On October 4, 2022, the Digital Services Regulation (DSA) was approved by the Council of the European Union and published in the Official Journal of the European Union on October 27. The main objective of this measure is to fight against the proliferation of illegal content and products on the Internet, protect the users’ rights (specially the youngest) and offer better sources of information, among others. The standard follows the pillars of the Electronic Commerce Directive. The regulation will introduce innovations in content moderation, the publication of information regarding the withdrawal or blocking of content and, in the case of search engines of massive size, obligations related to the systemic risks derived from its use.

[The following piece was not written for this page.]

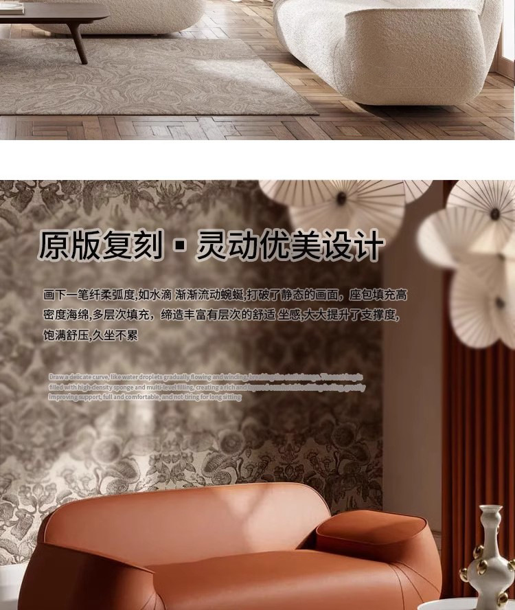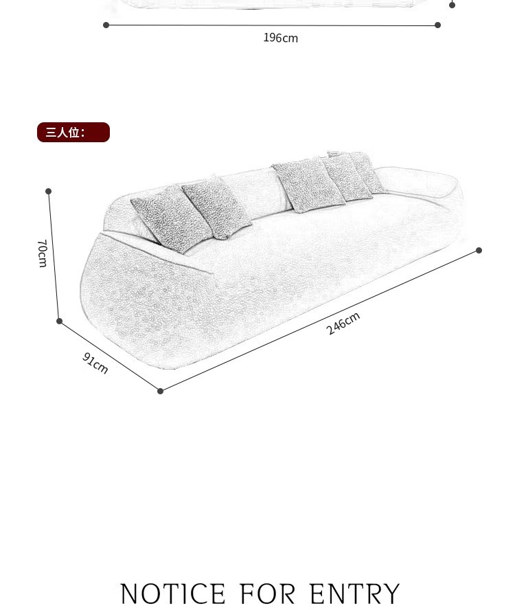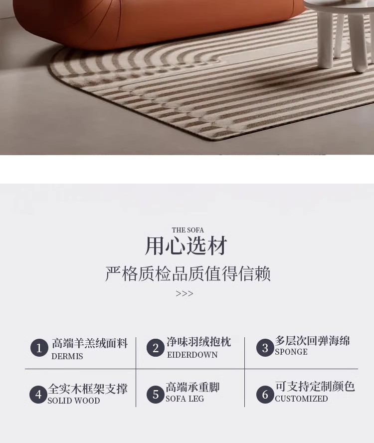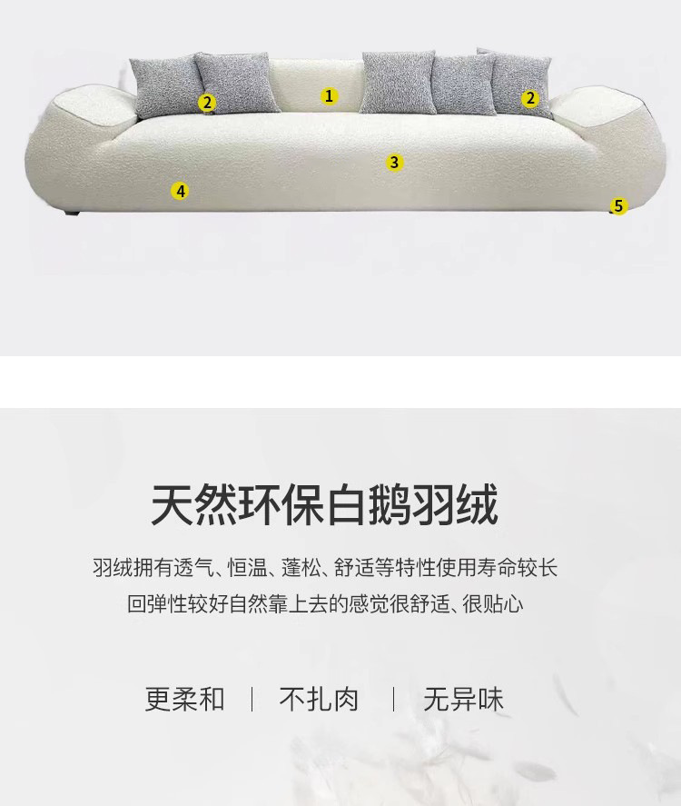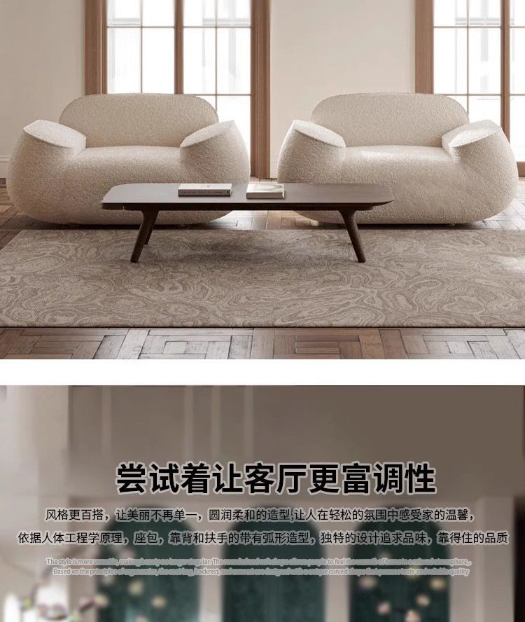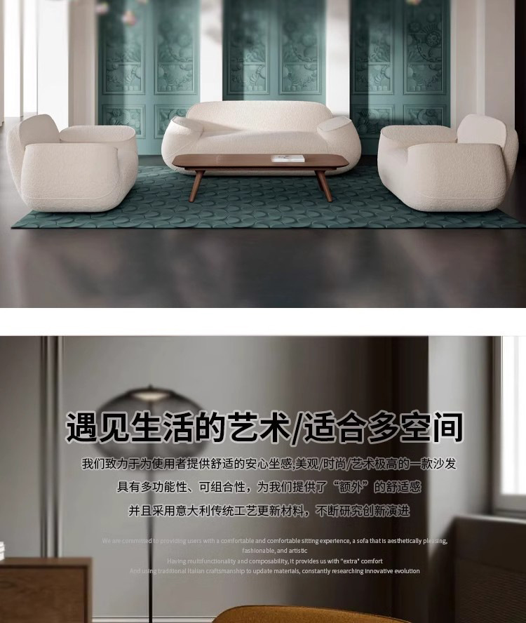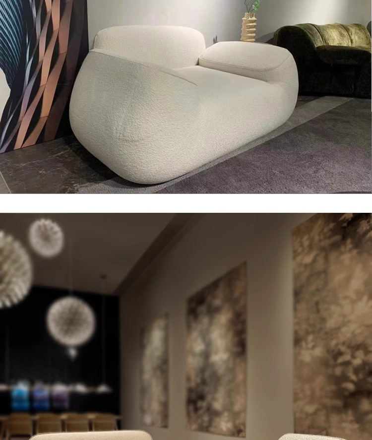 Sofá de cordero minimalista de estilo silencioso, diseño de lujo ligero nórdico, sofá de esquina de la princesa arcada, combinación de sofá grande de alojamiento residencial

Before analysing the obligations and measures that the DSA introduces, it will be better to clarify the meaning of digital platforms of intermediary services. These are providers of telematic means that facilitate the meeting between the service provider and the users and consumers of those services intended for a public residing in the EU, regardless of the place of establishment of the intermediary provider. Some of the services they offer refer to the classification that the DSA makes of them: intermediation services that provides network infrastructure, data hosting (cloud services), cache memory service, online platforms that bring together sellers and consumers, search engines and massive platforms and engines.
In short, the regulations will be applied, with different degrees of obligations, to data hosting services, online search engines, social networks and marketplaces, leaving interpersonal communication services, which include electronic and private messaging, outside the scope of application.

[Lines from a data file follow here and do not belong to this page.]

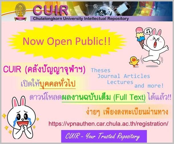Office of Academic Resources (CU Main Library) open the CUIR system for the public now! All online document (Thesis, Journal, etc.) could be download the full-text version free, just register at
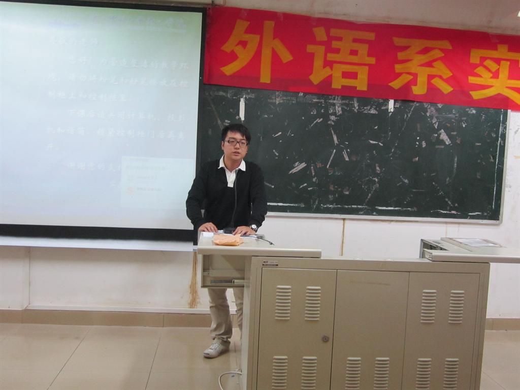 首先,由外语系主任助理、10级英语专业辅导员陈俊杰老师对实习归来的同学们表示祝贺。
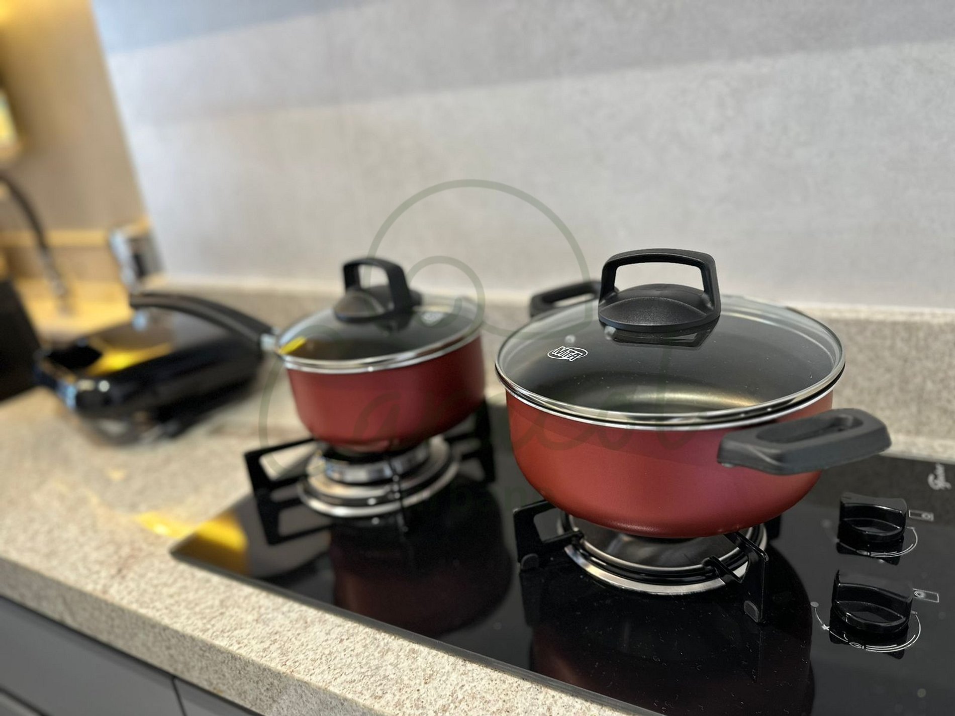 11- Cozinha e Utensílios: Para preservação das panelas, utilize exclusivamente colheres de madeira ou silicone. É proibido o uso de esponjas de aço (lã de aço) na higienização das mesmas.

The set of measures that the regulation brings is broad, but they include elements such as KYBC traceability or the creation of new figures such as digital service coordinators or reliable whistle-blowers. The idea is not only to offer better and more regulated content, but also to offer greater traceability of online companies, achieve an effective guarantee for users by avoiding abuse (quality services at a low price) or prohibiting selective ads.

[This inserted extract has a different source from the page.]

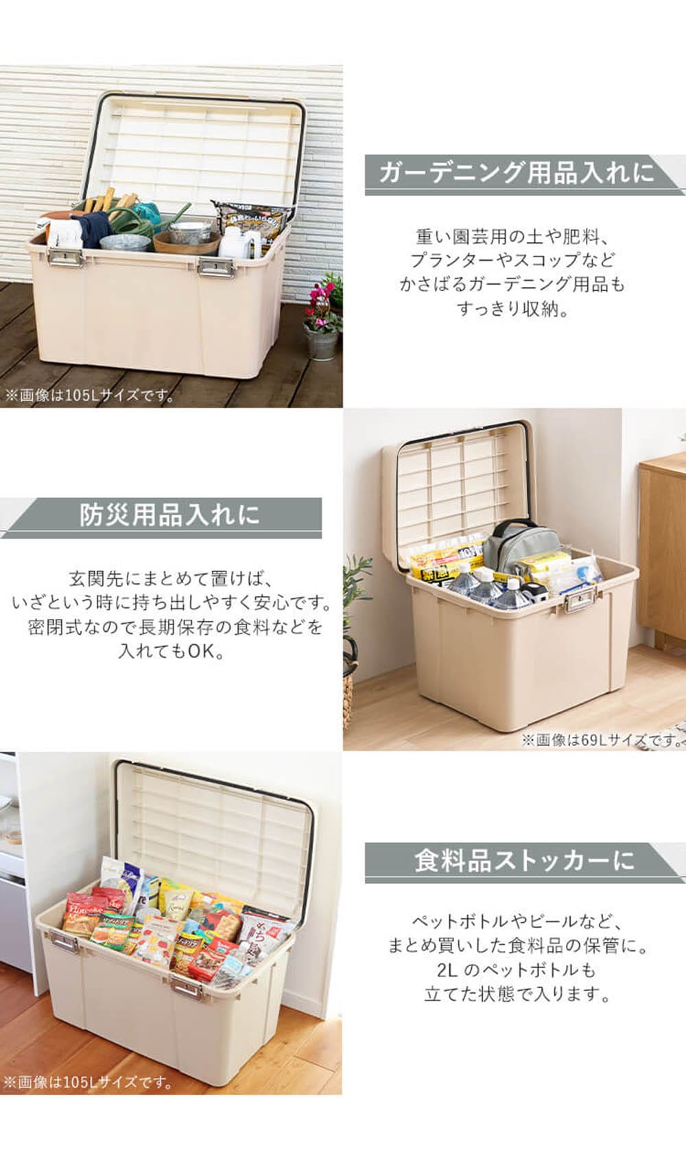 | 原材料/素材/材質 | ●主要材質:本体・フタ:ポリプロピレン、バックル:ステンレススチール、パッキン:EVA |

This regulation will not be fully applied until next February 2024, even though some precepts entered into force on November 16, 2022. The most recent implementation has been the obligation for providers of services to report the average number of European users they work with. This report is essential to the subsequent designation of a platform as “massive” which, in turn, will result in a series of more restrictive obligations that only this category of platform must assume. In a couple of months, some providers with a massive user reach (more than 45 million users) will begin to have the ‘supervision fee’. In addition, they will have to performance independent audits before July 2023.
Another deadline to consider is February 16, 2024, by which time the Member States must have designated the competent authority at the national level that will oversee regulating the guidelines from the European Commission. On the other hand, the Commission is creating a European Center for Algorithmic Transparency (CETA) to support its new supervisory role with internal and external multidisciplinary expertise.
The what and how of the Digital Services Law
This new regulation establishes a regulatory framework applicable to intermediary services, preserving the liability exclusion regime for these service providers from Directive 2000/31/EC, but imposing transparency obligations. However, a general imposition of supervision on the part of the platforms of the content uploaded by users is still not a must, so they are exempt from verifying the legality of said content. If the providers know about illegal content, they will not be responsible for it, as long as they act diligently to obtain its withdrawal. On the other hand, users may act knowingly against the platform when their content is moderated, having tools to challenge moderation decisions and submit claims through an out-of-court resolution body or request redress before the courts.